> _What you have to do_:
From the line that contains "近年来,中脉不断加强知识产权" to the final line below, both included, print each line exactly and skip the pictures.

> _Entries shown_:
***
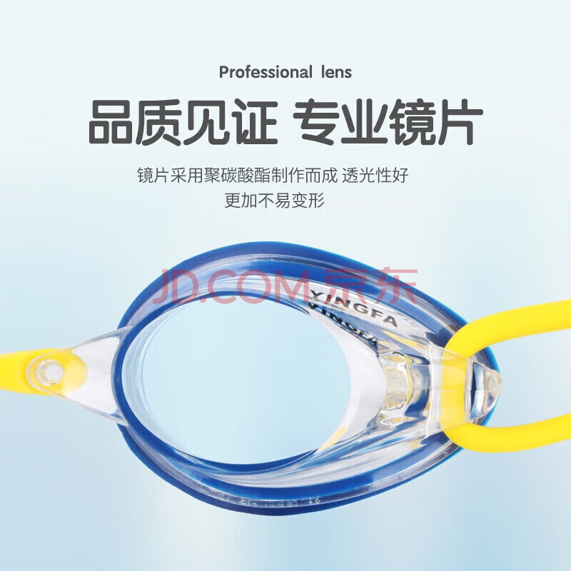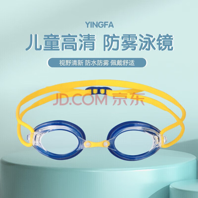 商品相册:英发(YINGFA)儿童泳镜 高清防雾舒适防水青少年专业竞速小框游泳眼镜 土黄\蓝第
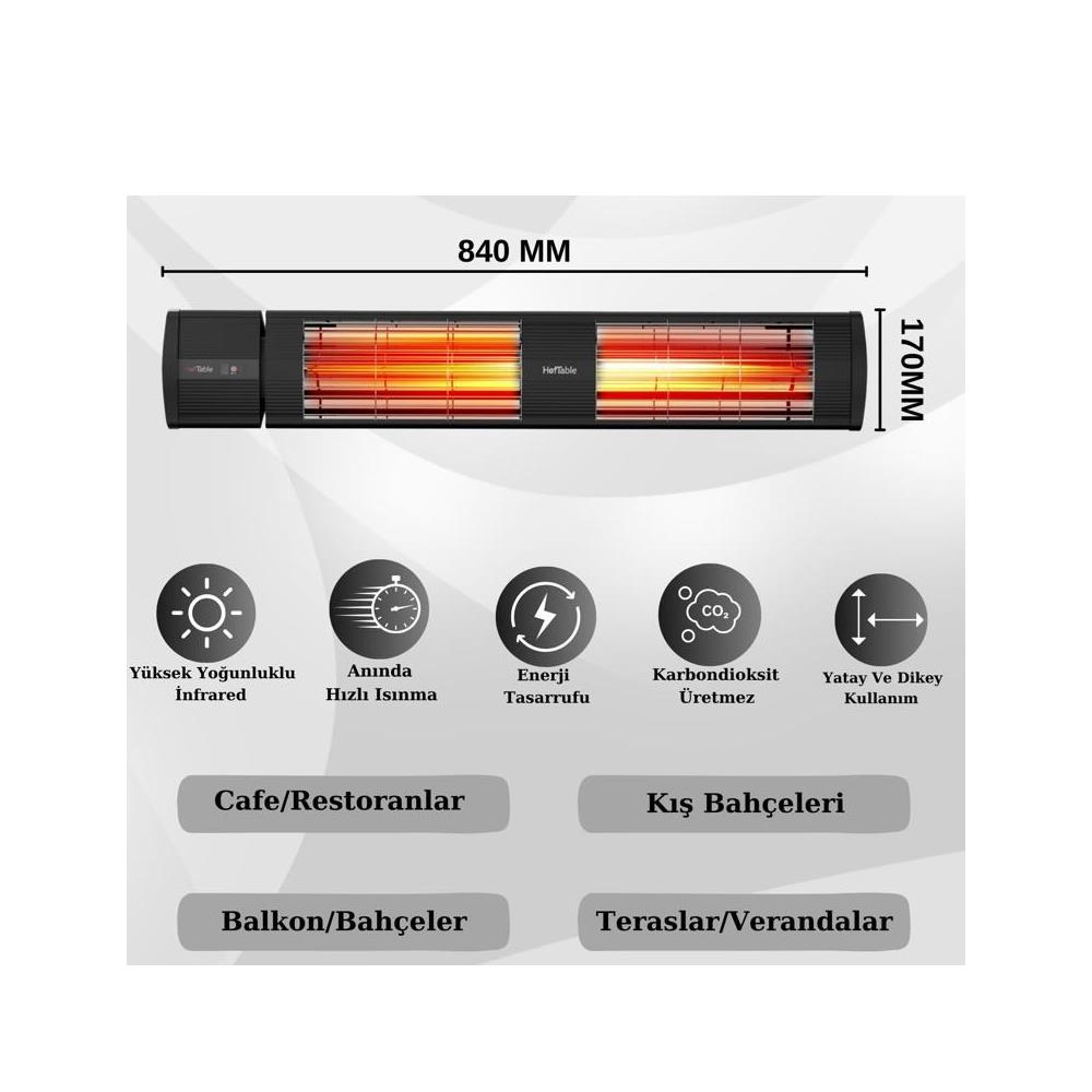 Hottable Supreme Plus 3000 W Uzaktan Kumandalı Duvar Tipi İnfrared Dış Mekan Isıtıcı
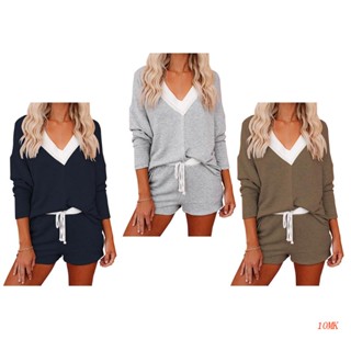 Bộ Đồ Ngủ 2 Món Tay Dài Cổ Chữ V Phối Dây Rút Màu Sắc Tương Phản Thời Trang Mùa Thu Cho Nữ
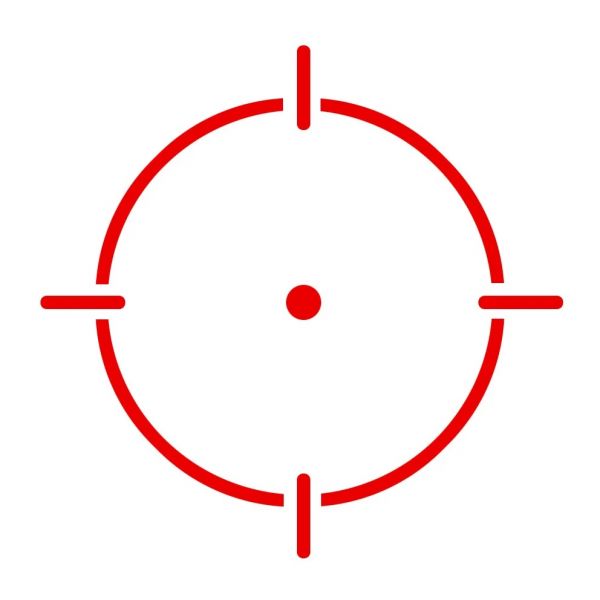 Multi-réticule rouge : Cercle de 65MOA et 2MOA ou point de 2MOA ou cercle de 65MOA
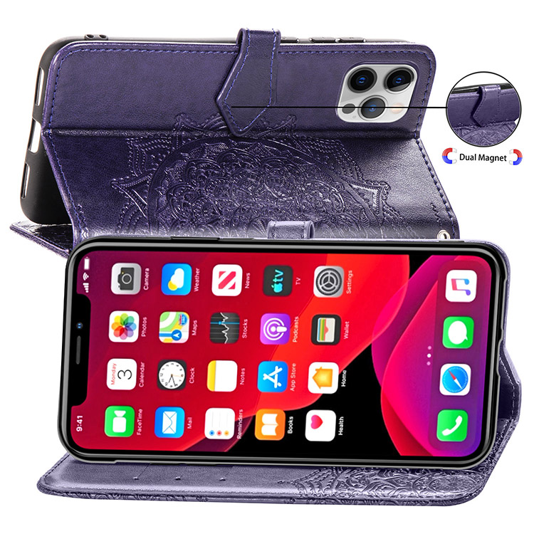 Casebus Mandala Folio Wallet Phone Case, Premium Leather, Credit Card Holder, Flip Kickstand Shockproof Case
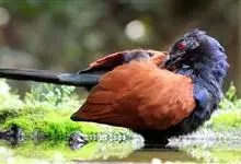 褐翅鸦鹃,是鹃形目鸦鹃科鸦鹃属的鸟类。褐翅鸦鹃的身体为黑色;头颈和胸带蓝紫色金属光泽并具黑亮的羽干纹,下胸至腹部泛金属绿光泽;两翼和肩部为棕栗色,外侧飞羽具暗色羽端,尾羽闪铜绿色光泽;虹膜赤红色,…全部>>
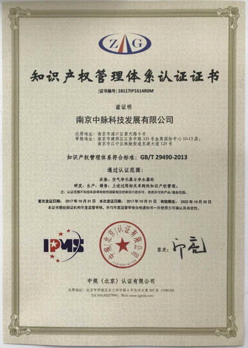 近年来,中脉不断加强知识产权体系建设,通过实施知识产权贯标,构建知识产权管理标准化、规范化体系,准确把握市场机遇,并将知识产权战略融入到企业经营战略中,多次获得“优秀专利新产品”、“优秀发明专利”、“实用专利”等奖项,并于2017年10月获得了“知识产权管理体系认证证书”(认证范围包括:床垫、空气净化器与净水器的研发、生产、销售、上述过程相关采购的知识产权管理),保证了技术创新工作的健康快速发展,增强了公司的核心竞争力。
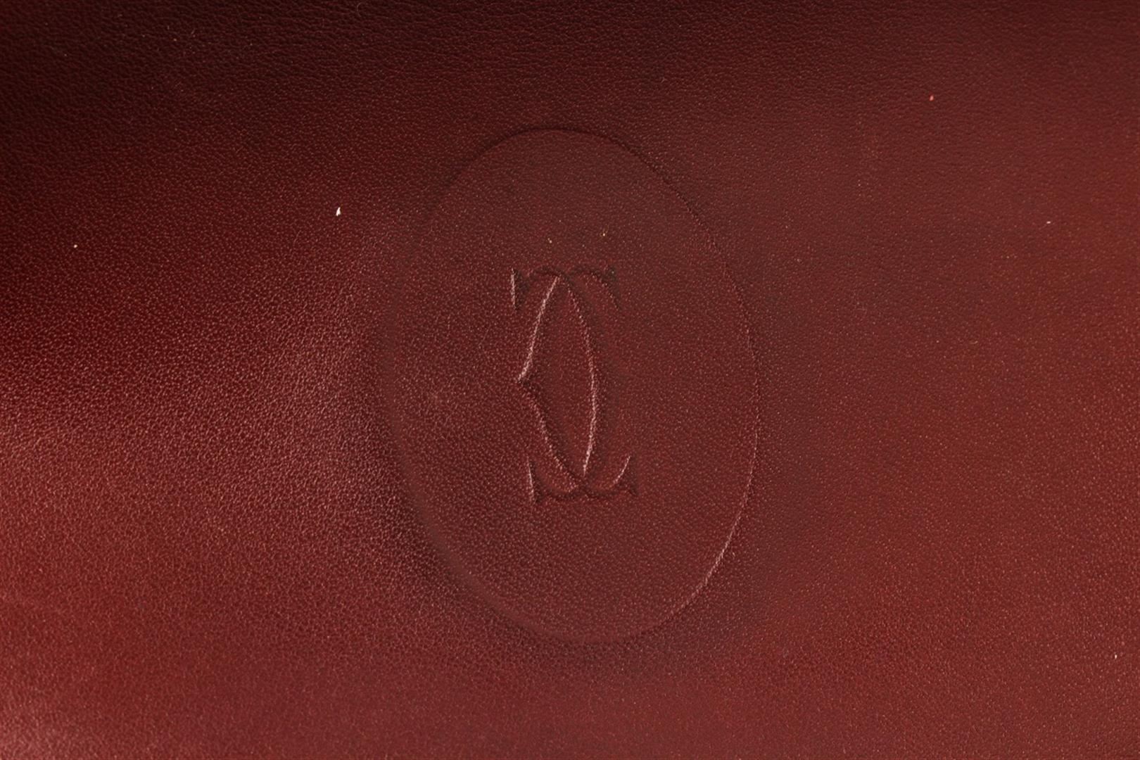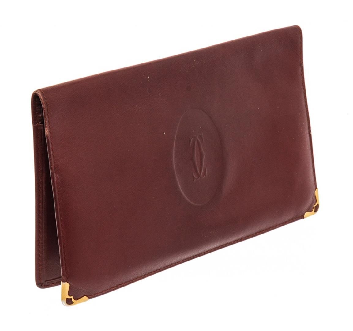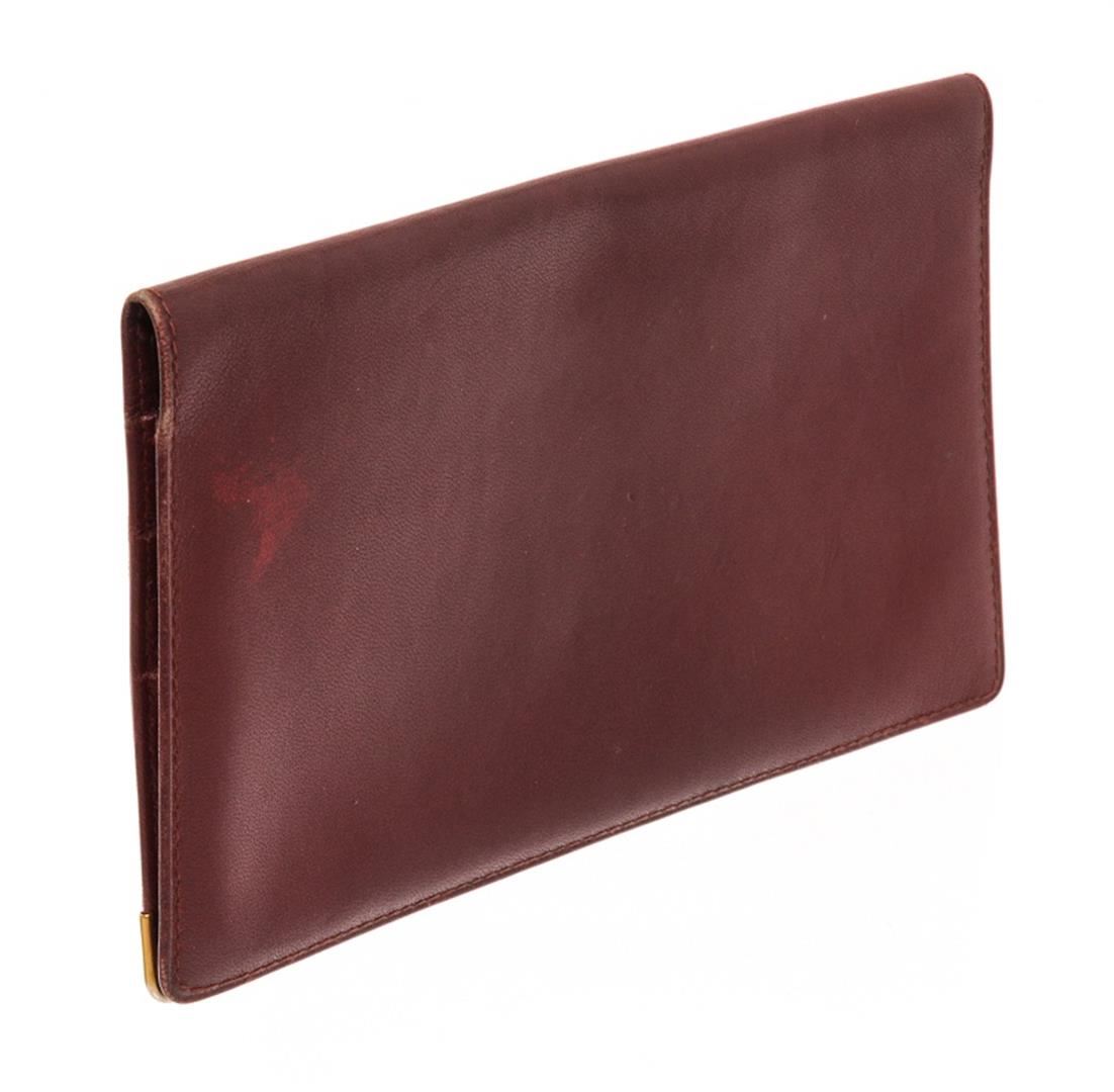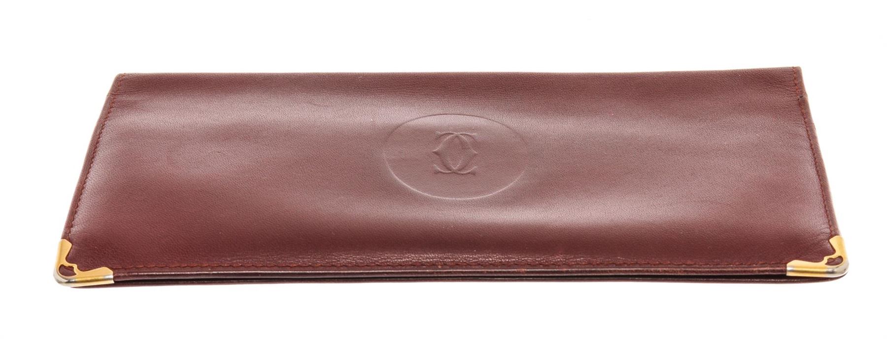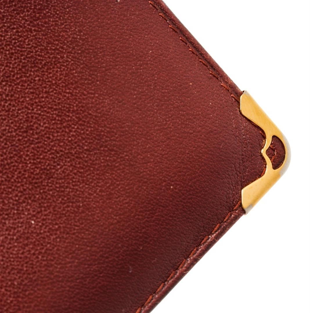 Cartier Maroon Leather Long Checkbook Wallet. All available information is listed in the description and shown in the photos. cartier maroon leather long checkbook wallet with burgundy leather, double c" logo at front, gold-tone hardwre, four interior pocket with card slots, long wallet, metal corner, includes authenticity card, flap closure. Height: 4.33" Width: 7.28" Depth: 0.19", / 11 x 18.5 x 0.5 Cm
***
> _Finished exercise_:
 近年来,中脉不断加强知识产权体系建设,通过实施知识产权贯标,构建知识产权管理标准化、规范化体系,准确把握市场机遇,并将知识产权战略融入到企业经营战略中,多次获得“优秀专利新产品”、“优秀发明专利”、“实用专利”等奖项,并于2017年10月获得了“知识产权管理体系认证证书”(认证范围包括:床垫、空气净化器与净水器的研发、生产、销售、上述过程相关采购的知识产权管理),保证了技术创新工作的健康快速发展,增强了公司的核心竞争力。
 Cartier Maroon Leather Long Checkbook Wallet. All available information is listed in the description and shown in the photos. cartier maroon leather long checkbook wallet with burgundy leather, double c" logo at front, gold-tone hardwre, four interior pocket with card slots, long wallet, metal corner, includes authenticity card, flap closure. Height: 4.33" Width: 7.28" Depth: 0.19", / 11 x 18.5 x 0.5 Cm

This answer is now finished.